He sighed, and turned his attention back to the landscape outside of the window. The clouds were a million times more interesting to him than anything anyone in this class could say to him. He could brag about his yesterday, too, if he wanted to. He’d fought a dragon, killed a horde of hobbes, and beheaded an orc, and then spent the night at a pub with his two best friends. But, silly him, that wasn’t interesting at all, and he knew it. If only these bumbling idiots could figure out the same thing. Was life just a shopping trip and a random changing of partners? If that was so, he seemed to be living it the wrong way. But he didn’t really care- or, at least, couldn’t bring himself to. As long as he had to go on acting out with insignificant story of his life, he’d just free write it and try not to think about just how his chapter was going to end.
A sharp voice interrupted his thoughts.
“Maggie!” A girl whined, arms crossed, looking at the new girl. “Cain just told me that you aren’t coming to the party tonight.” She eyed the fidgeting girl accusingly.
“I- I have to go to work tonight,” She explained.
“Skip it,” The girl answered with a laugh. “This is totally the party of the year, okay?”
“Nope, no ‘but’s! You’re going. So, ta! See you then.” Lilith Knight turned on her heel and walked back into the hall, leaving the slightly panicked looking girl behind her.
Strange to think that these were the kinds of people Darius was associating with now. Lilith wasn’t exactly “popular”, per se, seeing as nobody liked her, but she was high up with the boys, and high up with her fellow preps. If that’s what you wanted for your life, then you looked up to her and did what she said. Unfortunately, that happened to be a about half the female population at the school. Maggie, it seemed, was classified as that group now. Sad, really, he’d talked to her before, and she was a nice girl who had just wanted to join the softball and soccer teams. Well, that was how it started, wasn’t it? And she’d got it from both ends. Lilith was sure not t let any of her prey escape, either.
He watched her victim, Maggie, take out her cell phone and begin to furiously text. Losing interest, he glanced over at the clock. His eyes squeezed shut, knowing that the day would be a long one for him.

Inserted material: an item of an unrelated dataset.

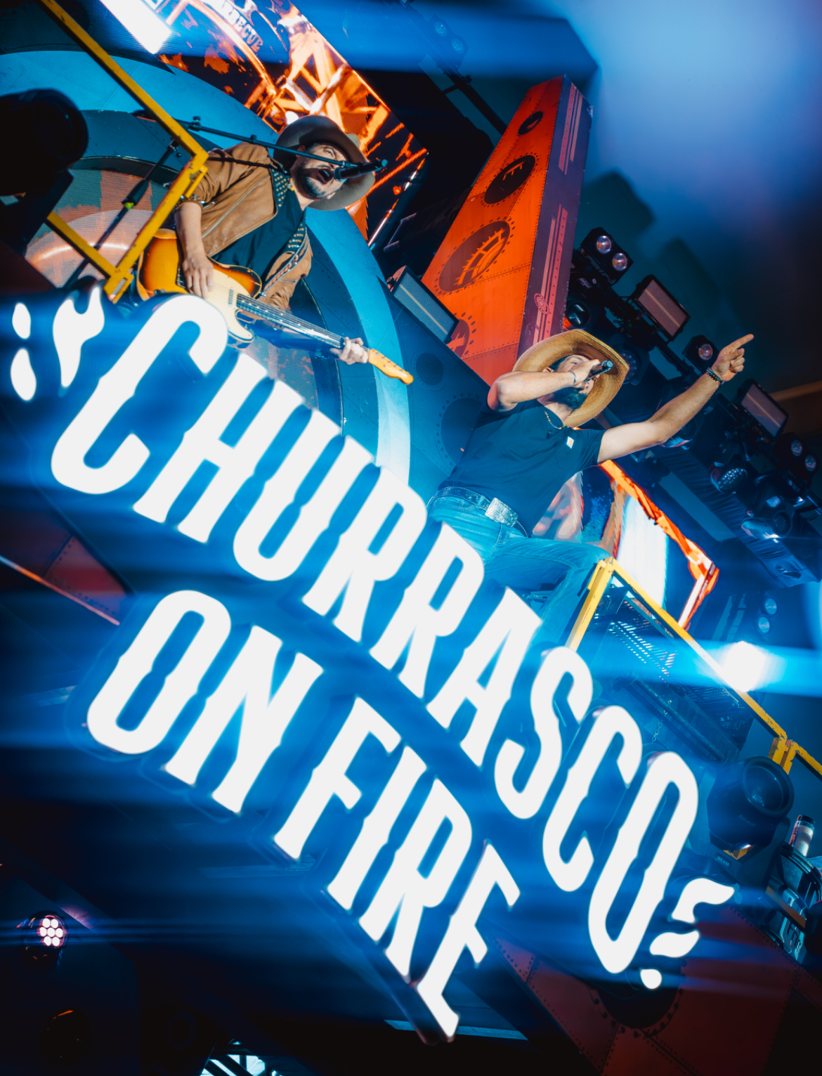 O maior palco itinerante da América Latina impressionou pelo tamanho e pelas luzes de LED, que se acenderam para receber o repertório especialmente desenhado para a temporada 2025 do Churrasco On Fire. Momentos como o preparo ao vivo do arroz carreteiro por Fernando e a interação de Sorocaba com o público no palco montado sobre uma F-150 da Ford garantiram um espetáculo único.

His eyes locked on the clock across the room, he muttered a muted count down under his breath. The teacher was still writing on the board as if she didn’t realize that the school would be emptying itself as it did everyday, in just a handful of seconds. The bell let out a sharp shriek as the kids who had drifted towards the door bolted from the room, and the others threw their bags over their shoulders and fought against the crowd to freedom.
Swinging the black bag around his arm, Rasmus moved towards the door, moving strategically through the swarm of students as if they were a maze, and he a lone traveler in it. He pressed through the throng and quickened his steps as the front door came into sight. The cool glass pressed against his reaching fingers, and with a sigh, the door opened, the barrier that had been keeping the prisoners far from the real world gone from them once again. He stretched his body out and held his arms to the sky before he slumped again, starting home. The walk was both much too fast and far too long. For once he didn’t feel like being alone, but he definitely didn’t feel like seeing his dad. He glanced down at his cell phone where he had his chat open, as he had it almost all the time. Only two people were on, and they were apparently in a pretty intense argument that he would rather not get into with them. It was all they ever did their anymore, truthfully. He hadn’t had a real conversation with either of them in months.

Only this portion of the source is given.